Quote from: S'mon;973793Well I've seen IRL suggestions that the habitable depth of the galaxy may only be about 50 light years.

Based on what?

Gronan of Simmerya

Quote from: Technomancer;973738Logisitcs? Exerting influence requires a supply line to get your assets to the region.  If supply line hasn't been developed, Empire might be able to get to the region on a case by case basis, but not able to maintain any real control.

This.  Bloody this.  Junior officers think about tactics, midlevel officers think about strategy, senior officers think about logistics.

It's all about logistics.  Especially since, as Douglas Adams said, "Space is big.  Really, really big."
You should go to GaryCon.  Period.

The rules can\'t cure stupid, and the rules can\'t cure asshole.

Biscuitician

All these are great answers,but I just have trouble visualising this.

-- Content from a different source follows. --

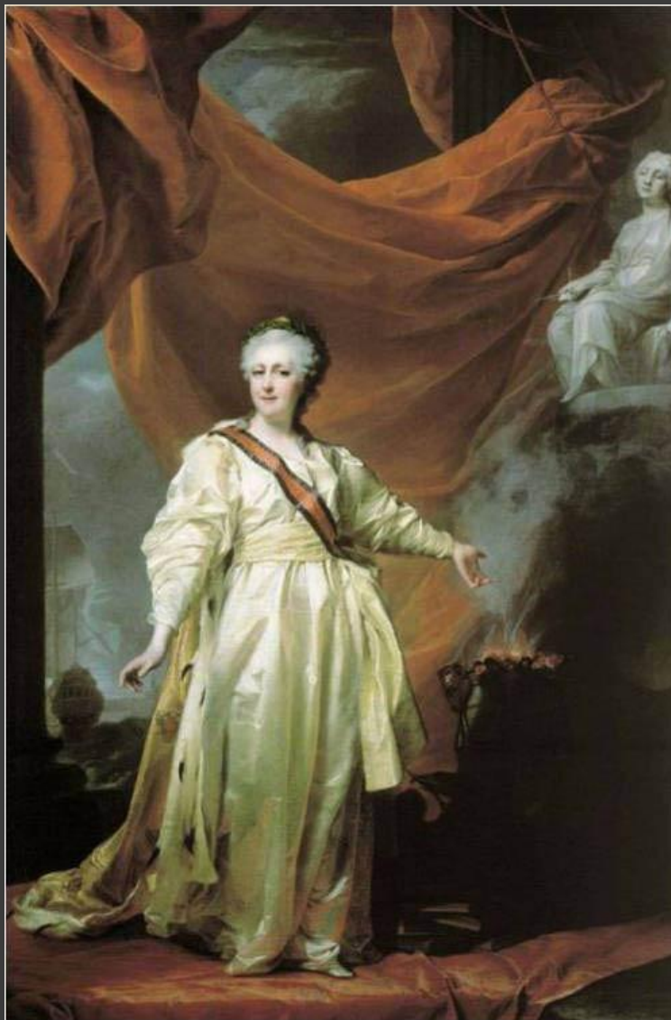
Д.Г.Левицкий. Портрет Екатерины II.

You have a scifi empire, with suitably advanced levels of tech (we don't need to imagine anything bizarre) but I still can't square how you can have frontier or outlaw regions - especially within that border. So if you have trade routes near the civilised/imperial worlds (like a network of jumpgates or something), how then are those wilderness regions accessed? How would communities therein flourish or endure?

S'mon

If speed of travel is very fast, as in Star Wars, there won't be a well-defined frontier. There will be civilised, backwater, and savage worlds all interspersed. "Empires" - coalitions of star systems - may actually heavily interpenetrate, since the actual location of the solar systems won't matter much.

Skarg

#19
Quote from: Biscuitician;973821All these are great answers,but I just have trouble visualising this.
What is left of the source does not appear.